--- Collected material Enclosed Below ---
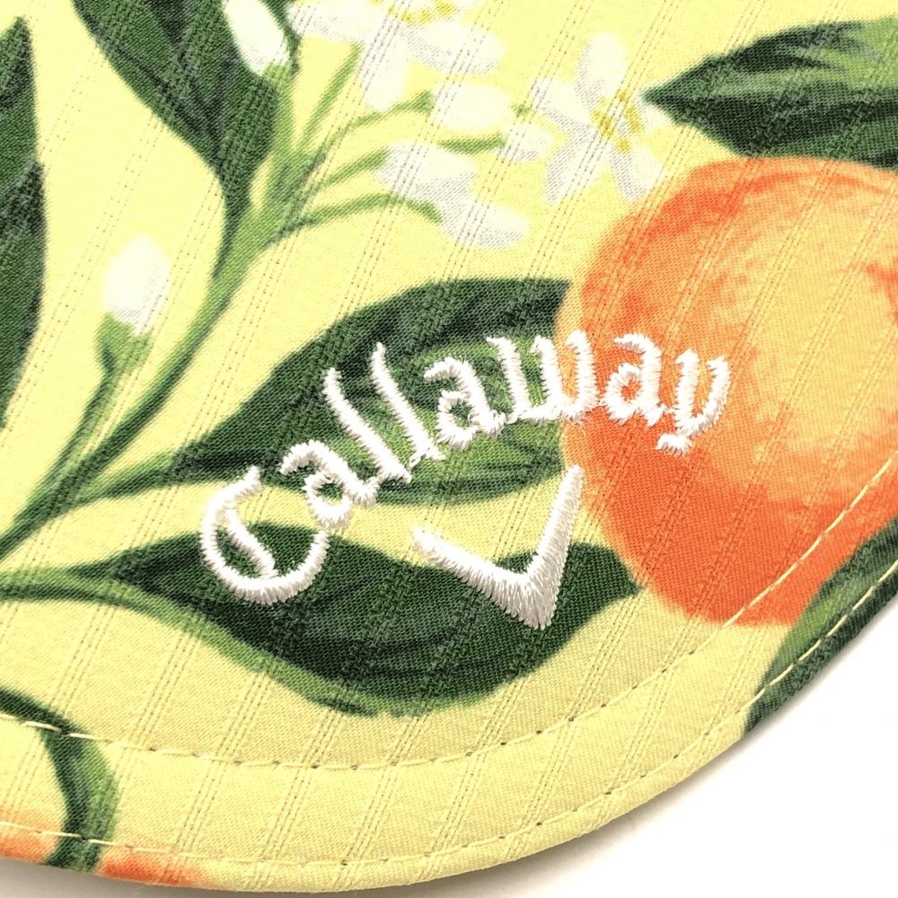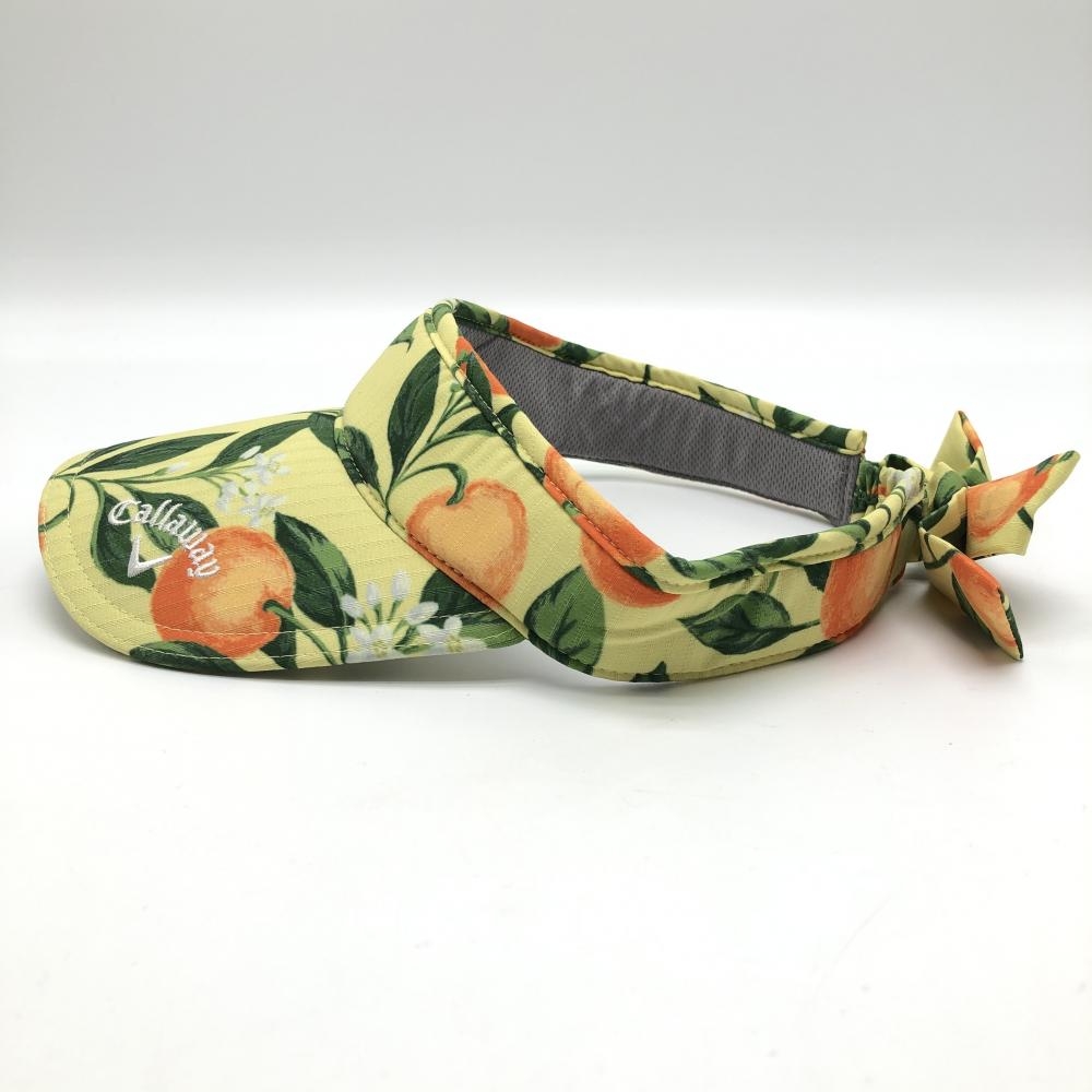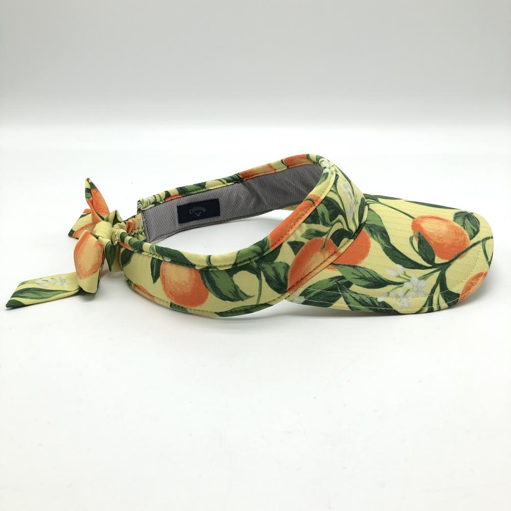 【超美品】キャロウェイ サンバイザー イエロー×グリーン オレンジ柄 小花柄 後ろリボン FR ゴルフウェア Callaway
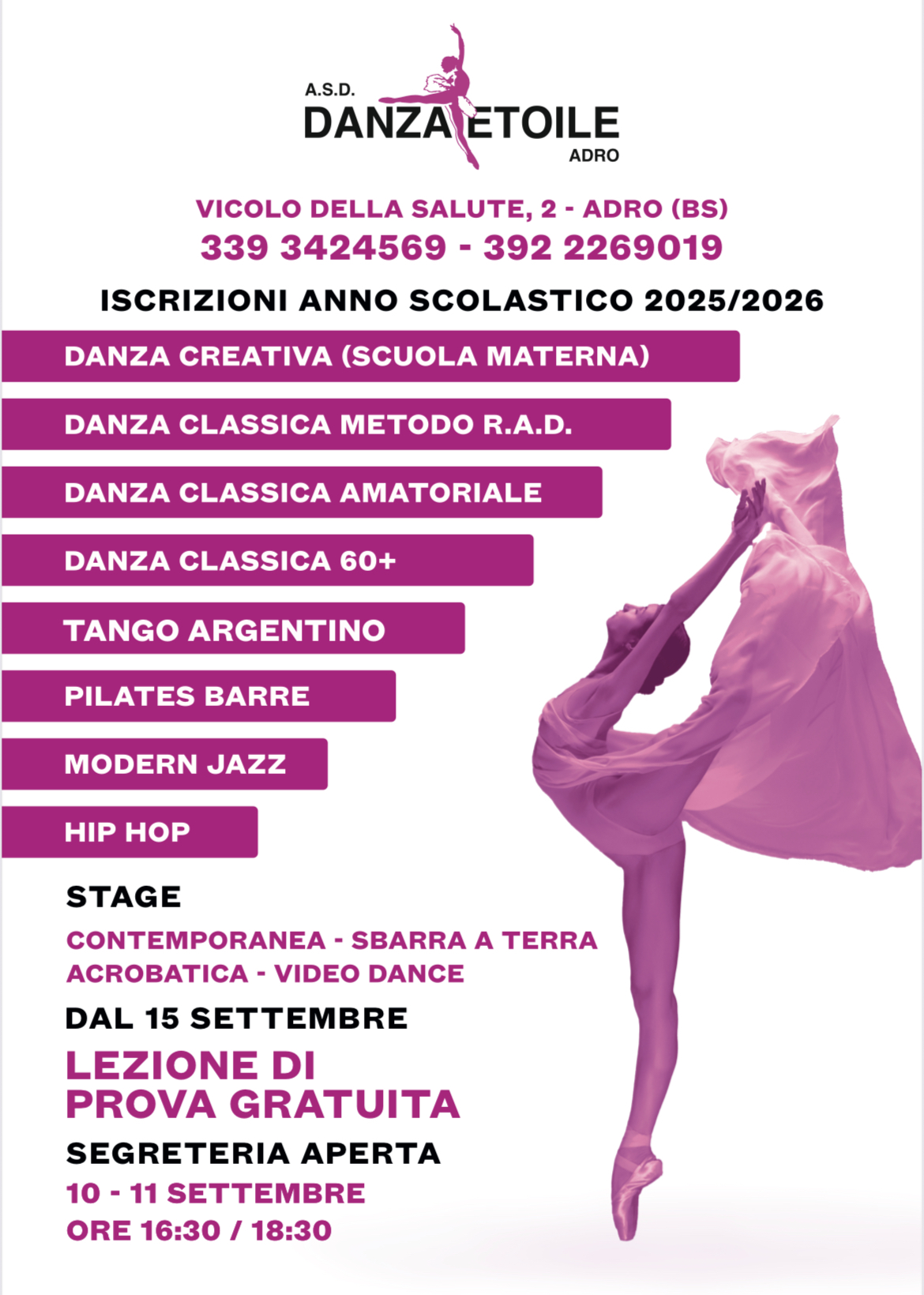 - HIP HOP: è una disciplina, adatta dai 7 anni in avanti, considerata danza sportiva che proviene dal movimento americano dell' hip hop e che unisce diversi stili come il popping, il locking, l'uprock e il b-boying. UNA LEZIONE SETTIMANALE DA 60 MIN
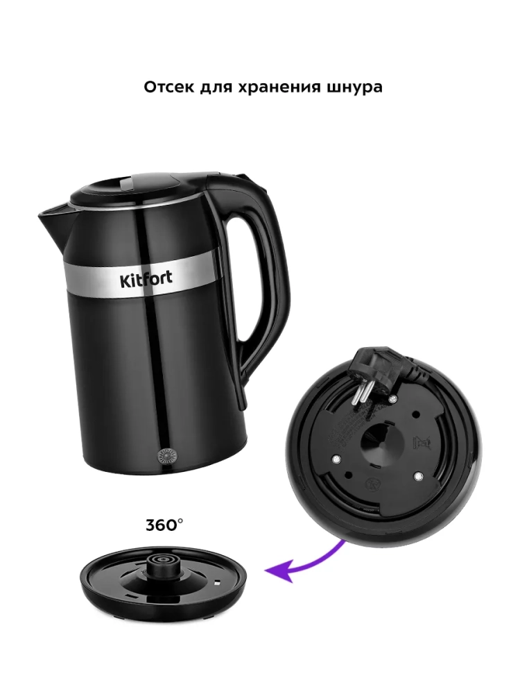 Подставка с центральным контактом дает возможность располагать на ней чайник в любом положении, обеспечивая вращение на 360°. Снизу имеется отсек для хранения шнура, в который можно смотать излишки шнура электропитания, чтобы он не мешал на столе.
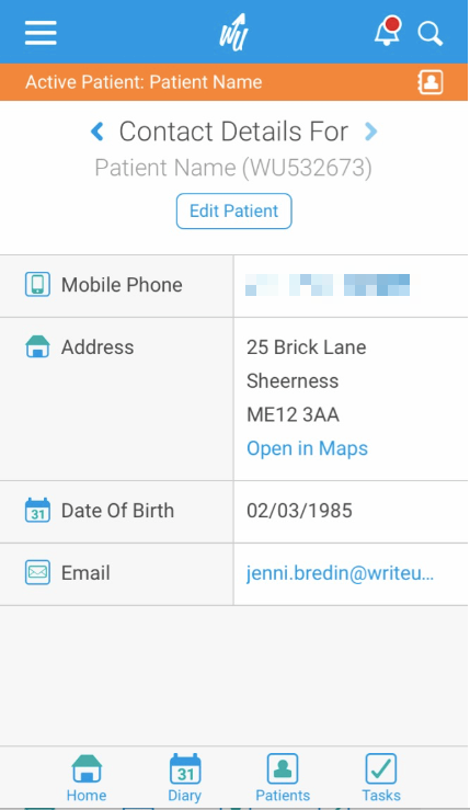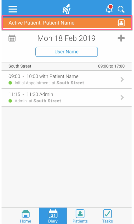 If you are using the WriteUpp app and would like to view the patient summary, you first need to ensure that you have the patient as your active patient. Your active patient is displayed in the orange bar across the screen:
--- End of Enclosed Collected material ---
> **Work instruction**:
Output nothing but an exact retyping of the material, pictures excluded.

> **Task result**:
 【超美品】キャロウェイ サンバイザー イエロー×グリーン オレンジ柄 小花柄 後ろリボン FR ゴルフウェア Callaway
 - HIP HOP: è una disciplina, adatta dai 7 anni in avanti, considerata danza sportiva che proviene dal movimento americano dell' hip hop e che unisce diversi stili come il popping, il locking, l'uprock e il b-boying. UNA LEZIONE SETTIMANALE DA 60 MIN
 Подставка с центральным контактом дает возможность располагать на ней чайник в любом положении, обеспечивая вращение на 360°. Снизу имеется отсек для хранения шнура, в который можно смотать излишки шнура электропитания, чтобы он не мешал на столе.
 If you are using the WriteUpp app and would like to view the patient summary, you first need to ensure that you have the patient as your active patient. Your active patient is displayed in the orange bar across the screen:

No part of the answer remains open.